Return, exactly and with nothing added, the line with "中国经济网北京2月28日讯大" together with all lines after it through the end of the data below. No pictures belong in the copy.

::: MATERIAL PROVIDED :::

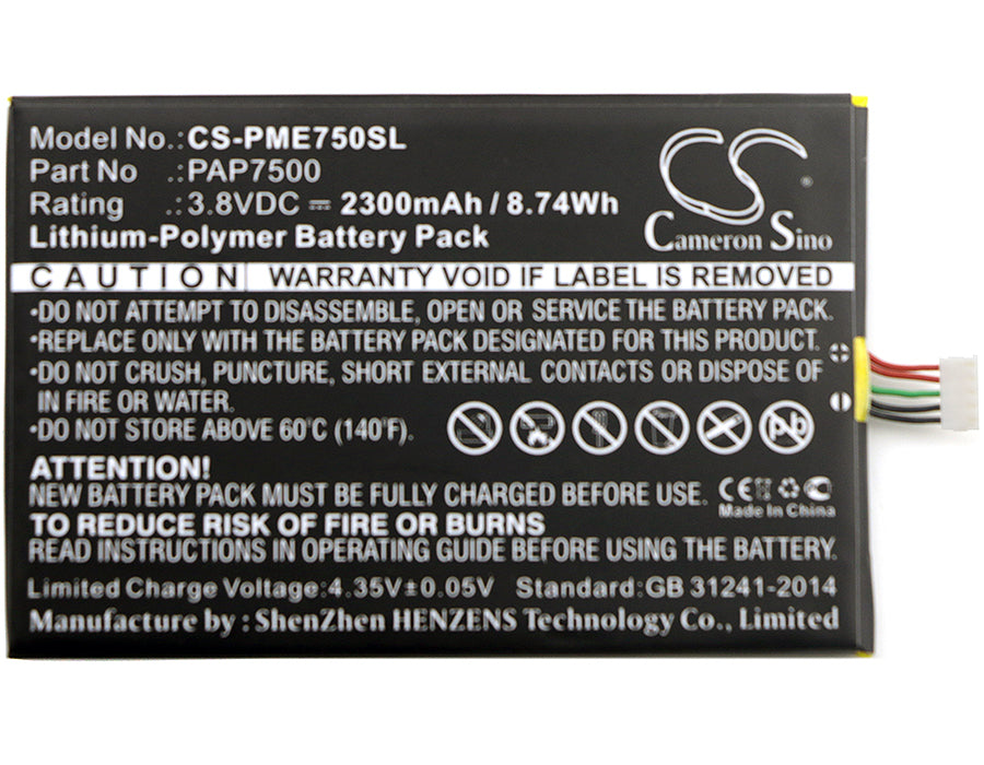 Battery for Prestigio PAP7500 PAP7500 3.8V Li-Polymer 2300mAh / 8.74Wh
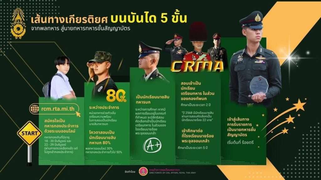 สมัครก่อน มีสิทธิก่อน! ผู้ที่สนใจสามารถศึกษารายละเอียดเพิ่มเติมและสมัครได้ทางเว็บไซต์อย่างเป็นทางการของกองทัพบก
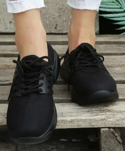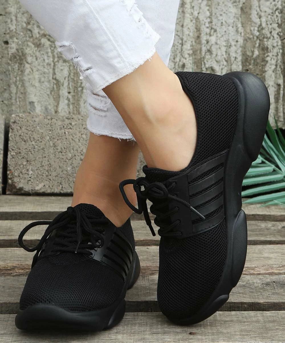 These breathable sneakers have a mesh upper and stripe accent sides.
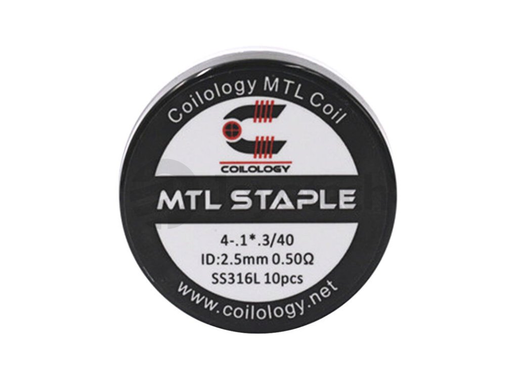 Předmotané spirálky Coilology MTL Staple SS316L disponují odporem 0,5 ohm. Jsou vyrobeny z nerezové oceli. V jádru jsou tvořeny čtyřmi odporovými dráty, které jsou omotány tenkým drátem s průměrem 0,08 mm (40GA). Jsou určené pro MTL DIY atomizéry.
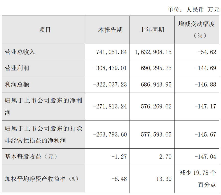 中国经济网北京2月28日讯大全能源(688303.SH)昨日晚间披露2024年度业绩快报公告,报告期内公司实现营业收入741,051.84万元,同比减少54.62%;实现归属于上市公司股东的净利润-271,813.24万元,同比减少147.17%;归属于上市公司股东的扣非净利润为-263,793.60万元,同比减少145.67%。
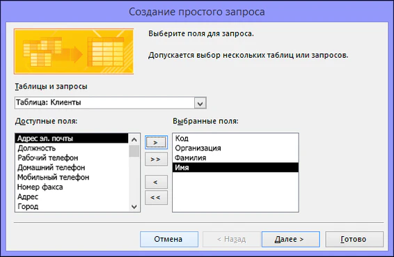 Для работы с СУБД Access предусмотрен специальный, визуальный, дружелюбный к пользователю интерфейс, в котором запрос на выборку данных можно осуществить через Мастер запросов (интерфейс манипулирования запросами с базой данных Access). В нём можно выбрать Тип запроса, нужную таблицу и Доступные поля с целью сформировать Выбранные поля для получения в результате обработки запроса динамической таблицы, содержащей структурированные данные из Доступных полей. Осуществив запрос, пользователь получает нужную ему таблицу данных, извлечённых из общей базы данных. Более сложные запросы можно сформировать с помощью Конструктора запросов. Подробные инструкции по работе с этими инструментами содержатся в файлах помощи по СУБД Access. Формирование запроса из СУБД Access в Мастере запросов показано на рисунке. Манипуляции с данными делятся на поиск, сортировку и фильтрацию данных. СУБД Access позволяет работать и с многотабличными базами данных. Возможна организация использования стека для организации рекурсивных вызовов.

:::

TASK RESPONSE —
 中国经济网北京2月28日讯大全能源(688303.SH)昨日晚间披露2024年度业绩快报公告,报告期内公司实现营业收入741,051.84万元,同比减少54.62%;实现归属于上市公司股东的净利润-271,813.24万元,同比减少147.17%;归属于上市公司股东的扣非净利润为-263,793.60万元,同比减少145.67%。
 Для работы с СУБД Access предусмотрен специальный, визуальный, дружелюбный к пользователю интерфейс, в котором запрос на выборку данных можно осуществить через Мастер запросов (интерфейс манипулирования запросами с базой данных Access). В нём можно выбрать Тип запроса, нужную таблицу и Доступные поля с целью сформировать Выбранные поля для получения в результате обработки запроса динамической таблицы, содержащей структурированные данные из Доступных полей. Осуществив запрос, пользователь получает нужную ему таблицу данных, извлечённых из общей базы данных. Более сложные запросы можно сформировать с помощью Конструктора запросов. Подробные инструкции по работе с этими инструментами содержатся в файлах помощи по СУБД Access. Формирование запроса из СУБД Access в Мастере запросов показано на рисунке. Манипуляции с данными делятся на поиск, сортировку и фильтрацию данных. СУБД Access позволяет работать и с многотабличными базами данных. Возможна организация использования стека для организации рекурсивных вызовов.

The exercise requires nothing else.